AI Feature Failure Attributed to Lack of Evaluation
In a recent podcast, AI expert Ankit Shula argued that most AI features fail because of poor evaluation, not poor models. He stated, "If you are shipping AI features without evaluations, your product is lying to you and you have no idea." Shula advocated for a rigorous, non-negotiable evaluation process as a core competency for modern product organizations.

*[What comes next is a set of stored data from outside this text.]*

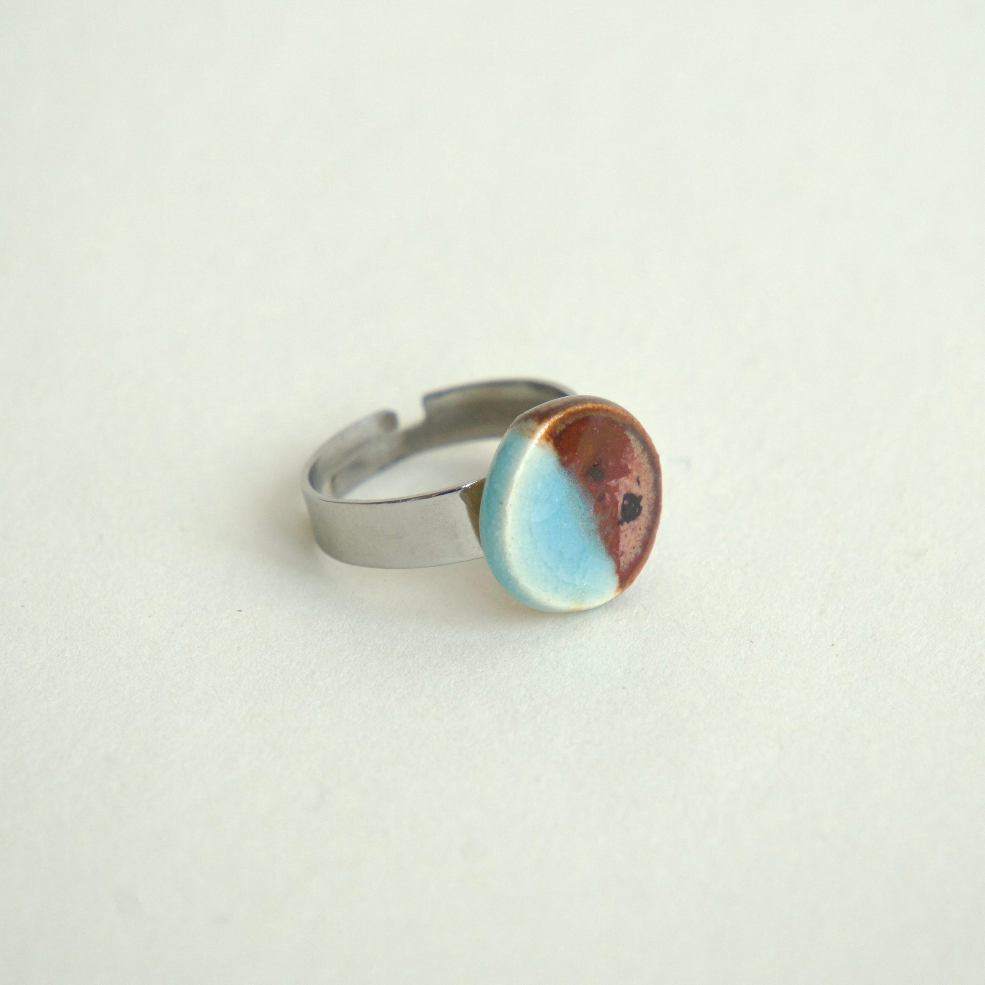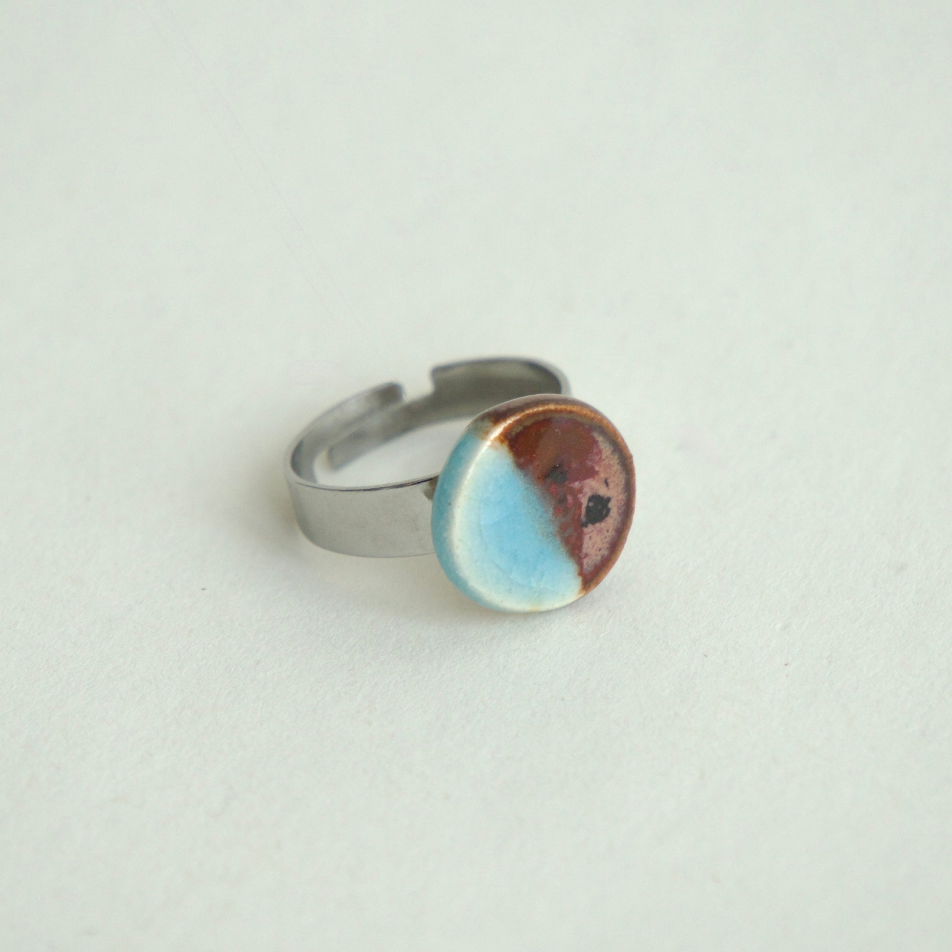 Inel handmade din ceramică, formă rotundă în culori degrade de brun și bleu ciel. Bijuterie minimalistă, perfectă pentru un look original și modern.
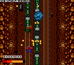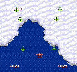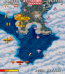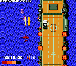 The game begins with the enemy bombing your carrier. You manage to take off before it sinks and fly off to exact vengeance, with the ultimate goal being the destruction of the Japanese battleship Yamato. There are now sixteen levels in total, with the second half of each level comprising of a boss battle. For most of the stages, you fly lower to the ground and fight against a fleet of battleships. If you fail to take out the leader of the fleet, you must replay the segment, although if you fail twice, you’re given a pass to the next stage. In a few of the stages, you fight against a gigantic airplane instead.
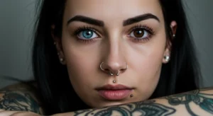 A young woman with vibrant, colorful tattoos covering her arms and shoulders, deeply engaged in conversation, smiling warmly. Close-up shot, focusing on her expressive face and intricate tattoos. Detailed, realistic style, soft lighting.
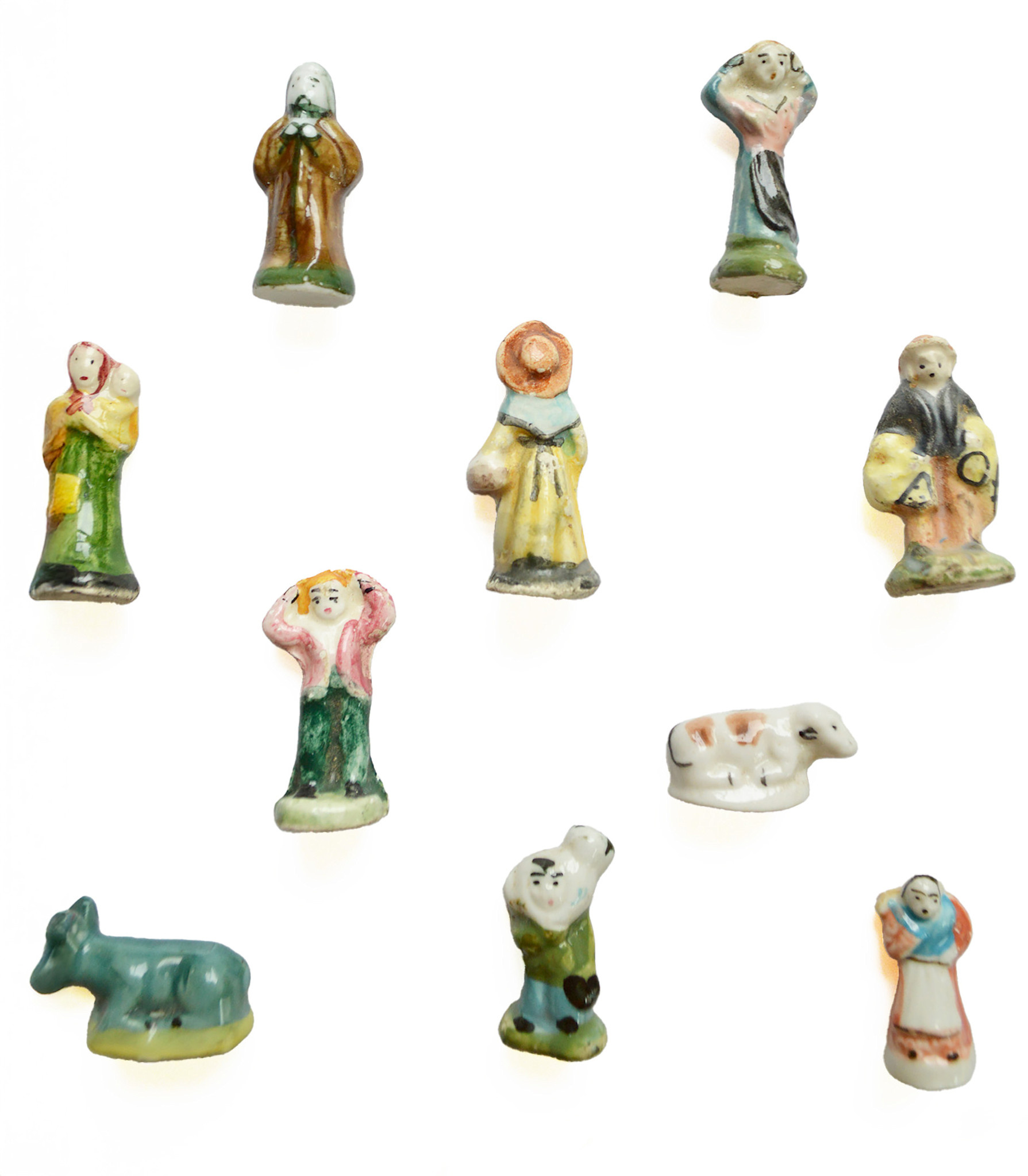 Celebrate French tradition with Galette des Rois Ceramic Figures. A charming assortment of miniatures for collecting, decorating, or gifting. This is a blind bag and we will send you a random assortment of Five Figures.

- Industry-wide data suggests high failure rates for AI initiatives, with some reports indicating that between 87% and 95% of data science and generative AI projects never make it into full production. - A primary reason for failure is the disconnect between a model's performance on clean, benchmark datasets and its performance on messy, real-world production data; this is often due to "data drift," where the patterns in live data change over time. - Beyond model accuracy, comprehensive evaluation frameworks test for multiple, often competing, criteria such as fairness, robustness against adversarial attacks, latency, and cost-effectiveness. - Many project failures are attributed to organizational and cultural factors, with one MIT study suggesting these account for 70% of failures, rather than technological limitations. - Leading companies adopt "eval-driven development," an approach where testing and evaluation are integrated throughout the entire product development lifecycle, not just at the end. - A significant portion of AI project work—often cited as up to 80%—is spent on data gathering, cleaning, and preparation, which is a foundational step for any meaningful evaluation. - Failures are often discovered late in the process during the pilot stage, a situation sometimes referred to as "pilot paralysis," which can be mitigated by earlier and more continuous testing. - Post-deployment monitoring is a critical, yet often overlooked, part of evaluation; without it, performance degradation, bias, and unexpected model behaviors can go unnoticed, leading to silent failures.